Could the records be returned exactly, with the pictures left out?

DATA PROVIDED:
-=-=-=-=-

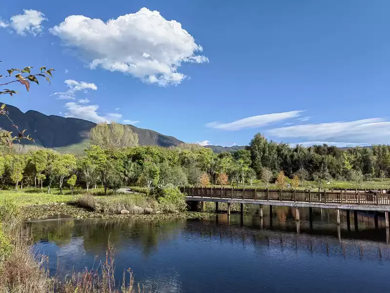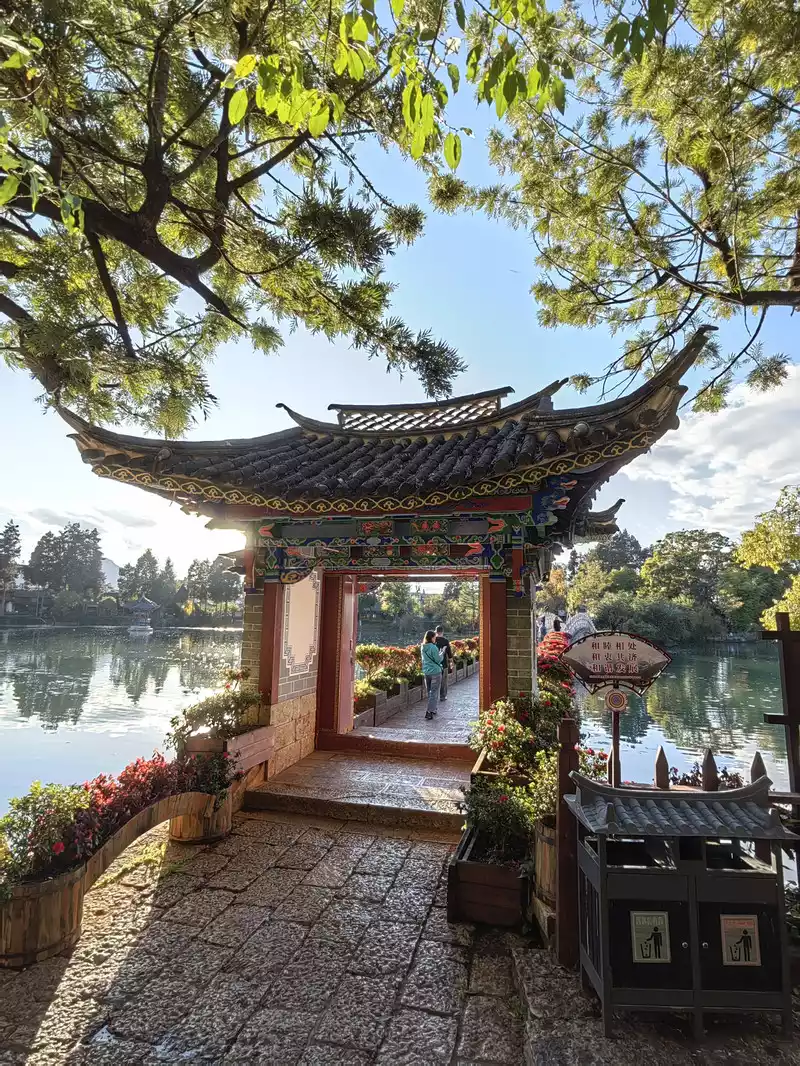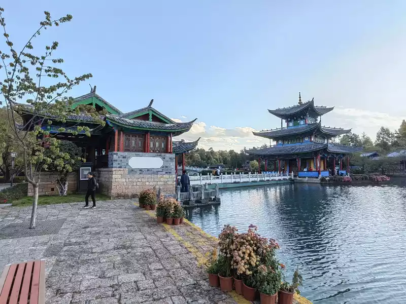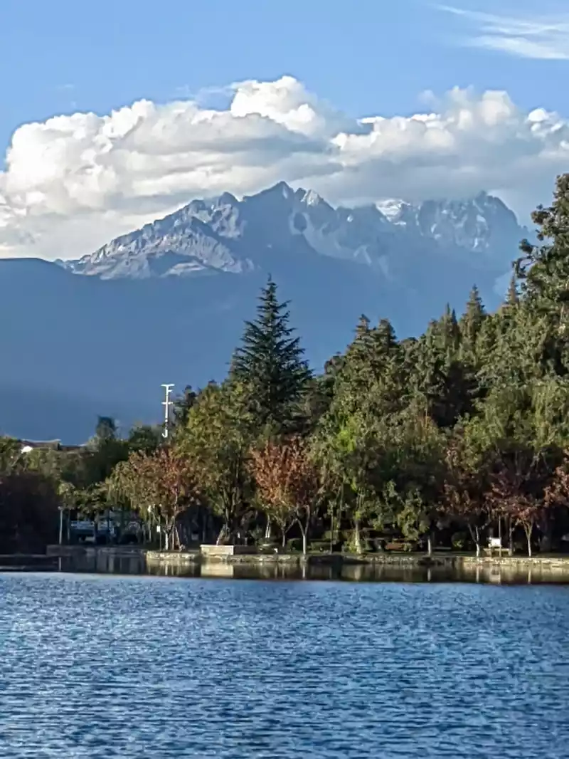 We chose to stay at the Hanting Hotel (Lijiang Ancient Town Airport Bus Station) tonight. Besides its good value, it's also close to Black Dragon Pond Park, which offers the best views of Jade Dragon Snow Mountain, especially in the evening. So, after checking in, we immediately walked to Black Dragon Pond Park.
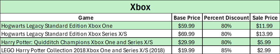 Get the LEGO Harry Potter Collection at a lower price with an 85% discount. This $2.99 deal applies to the 2018 version of the LEGO Harry Potter Collection and is compatible with Xbox One, Xbox Series X/S, and Xbox Cloud Gaming. The Xbox Series X/S and Xbox One versions of Hogwarts Legacy are also 80% off. Harry Potter: Quidditch Champions is also available at 80% off. The Deluxe editions of both Hogwarts Legacy and Quidditch Champions are not included in this sale, which ends on September 1st.
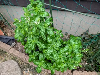 増えすぎバジル 庭のあちこちから良い匂いが… バジルです🌿 あちこちから、生えてきてます 寒くなる前に株分けして、冬はお部屋で育てて、お料理に使います 🍅料理には欠かせないハーブですね☺
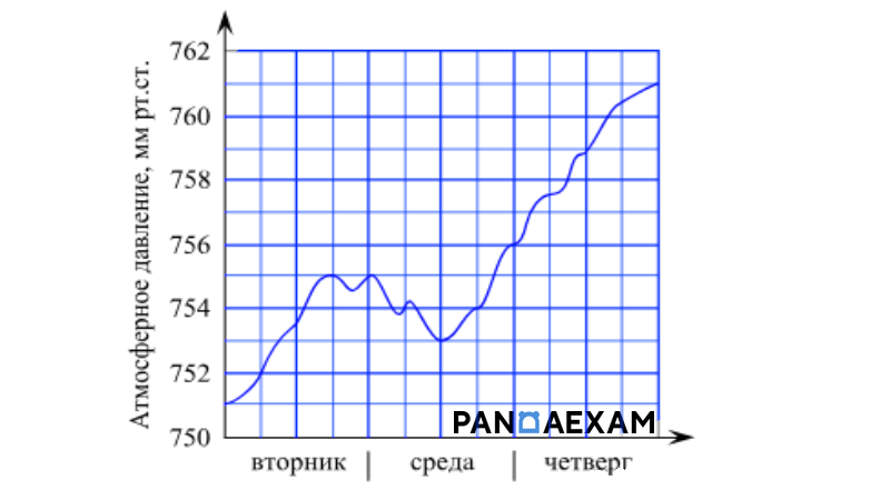 По горизонтали указаны дни недели и время, по вертикали — значения атмосферного давления (в миллиметрах ртутного столба).
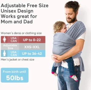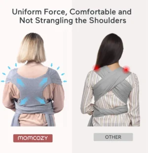 - Momcozy baby wrap carrier is designed with adjustable size, the size can be covered to XXS-XXL to suit different groups of people. The baby wrap allows you not to worry about postpartum body changes and other issues, and can adjust the appropriate size at any time according to your and your baby’s body shape, suitable for the whole family to use. Traditional baby carriers loosen during use, but the adjustable size design keeps your baby supported and balanced in your arms.
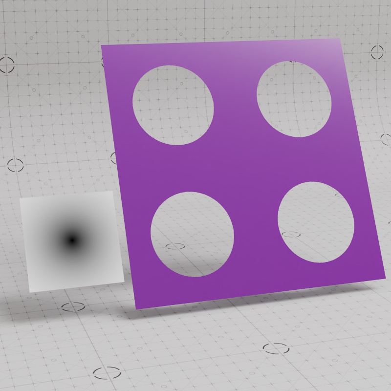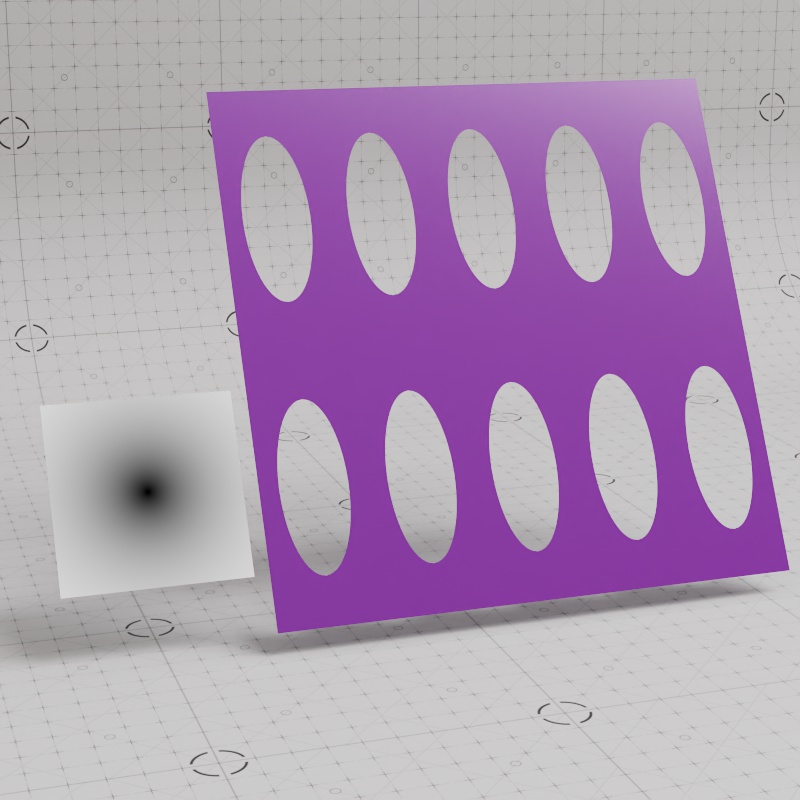 In the examples below the Opacity Threshold is animated from 0 to 1. Lower values only cut out the darker parts of the stencil texture while higher values cut out more. The spiral texture has a black background (0) and three different greyscale lines, one has a value 0.33, the next a value of 0.66, and the last a value of 1. The circular and linear ramps demonstrate a greyscale gradient from 0 to 1. Note how the plane is cutout as the Opacity Threshold is raised above the different brightness levels found in the stencil texture. On textures like the circular and linear ramps the cutoff point smoothly transitions between each value because of the smooth gradient, where as the different sections of the spiral cut out as soon as the Threshold matches the value in each section.
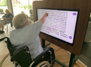 ActivTab est une grande tablette numérique de 110 cm de diamètre, montée sur roulettes, orientable pour être basculée à l’horizontal, inclinée ou à la verticale. Elle est interactive et incassable. Cette tablette géante est proposée dans les EHPAD principalement depuis 2020 mais il est possible de l’utiliser avec des personnes plus jeunes en pédiatrie par exemple. ActivTab s’utilise seul ou à plusieurs.
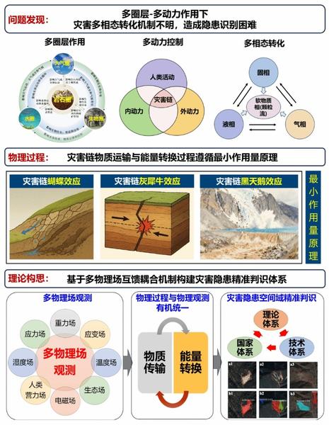 其中,隐患识别体系作为灾害精准防控的首要环节,其理论与技术突破尤为关键。我校李振洪教授团队在期刊同一专题发表的论文《复合链生重大地质灾害隐患识别理论与方法:现状与展望》为这一体系提供了前沿支撑。该团队将最小作用量原理引入复合链生重大地质灾害研究,揭示了灾害链演化中物质与能量传递的“最优路径”,并构建了“理论层面-技术层面-国家层面”三位一体的隐患识别框架。通过融合多源遥感、人工智能与地质力学,能够显著提升复合链生灾害隐患“识得全、测得准”的能力,是自然灾害整体防治体系中理论创新与技术突破协同的典范。

-=-=-=-=-

OUTPUT OF THE TASK:
 We chose to stay at the Hanting Hotel (Lijiang Ancient Town Airport Bus Station) tonight. Besides its good value, it's also close to Black Dragon Pond Park, which offers the best views of Jade Dragon Snow Mountain, especially in the evening. So, after checking in, we immediately walked to Black Dragon Pond Park.
 Get the LEGO Harry Potter Collection at a lower price with an 85% discount. This $2.99 deal applies to the 2018 version of the LEGO Harry Potter Collection and is compatible with Xbox One, Xbox Series X/S, and Xbox Cloud Gaming. The Xbox Series X/S and Xbox One versions of Hogwarts Legacy are also 80% off. Harry Potter: Quidditch Champions is also available at 80% off. The Deluxe editions of both Hogwarts Legacy and Quidditch Champions are not included in this sale, which ends on September 1st.
 増えすぎバジル 庭のあちこちから良い匂いが… バジルです🌿 あちこちから、生えてきてます 寒くなる前に株分けして、冬はお部屋で育てて、お料理に使います 🍅料理には欠かせないハーブですね☺
 По горизонтали указаны дни недели и время, по вертикали — значения атмосферного давления (в миллиметрах ртутного столба).
 - Momcozy baby wrap carrier is designed with adjustable size, the size can be covered to XXS-XXL to suit different groups of people. The baby wrap allows you not to worry about postpartum body changes and other issues, and can adjust the appropriate size at any time according to your and your baby’s body shape, suitable for the whole family to use. Traditional baby carriers loosen during use, but the adjustable size design keeps your baby supported and balanced in your arms.
 In the examples below the Opacity Threshold is animated from 0 to 1. Lower values only cut out the darker parts of the stencil texture while higher values cut out more. The spiral texture has a black background (0) and three different greyscale lines, one has a value 0.33, the next a value of 0.66, and the last a value of 1. The circular and linear ramps demonstrate a greyscale gradient from 0 to 1. Note how the plane is cutout as the Opacity Threshold is raised above the different brightness levels found in the stencil texture. On textures like the circular and linear ramps the cutoff point smoothly transitions between each value because of the smooth gradient, where as the different sections of the spiral cut out as soon as the Threshold matches the value in each section.
 ActivTab est une grande tablette numérique de 110 cm de diamètre, montée sur roulettes, orientable pour être basculée à l’horizontal, inclinée ou à la verticale. Elle est interactive et incassable. Cette tablette géante est proposée dans les EHPAD principalement depuis 2020 mais il est possible de l’utiliser avec des personnes plus jeunes en pédiatrie par exemple. ActivTab s’utilise seul ou à plusieurs.
 其中,隐患识别体系作为灾害精准防控的首要环节,其理论与技术突破尤为关键。我校李振洪教授团队在期刊同一专题发表的论文《复合链生重大地质灾害隐患识别理论与方法:现状与展望》为这一体系提供了前沿支撑。该团队将最小作用量原理引入复合链生重大地质灾害研究,揭示了灾害链演化中物质与能量传递的“最优路径”,并构建了“理论层面-技术层面-国家层面”三位一体的隐患识别框架。通过融合多源遥感、人工智能与地质力学,能够显著提升复合链生灾害隐患“识得全、测得准”的能力,是自然灾害整体防治体系中理论创新与技术突破协同的典范。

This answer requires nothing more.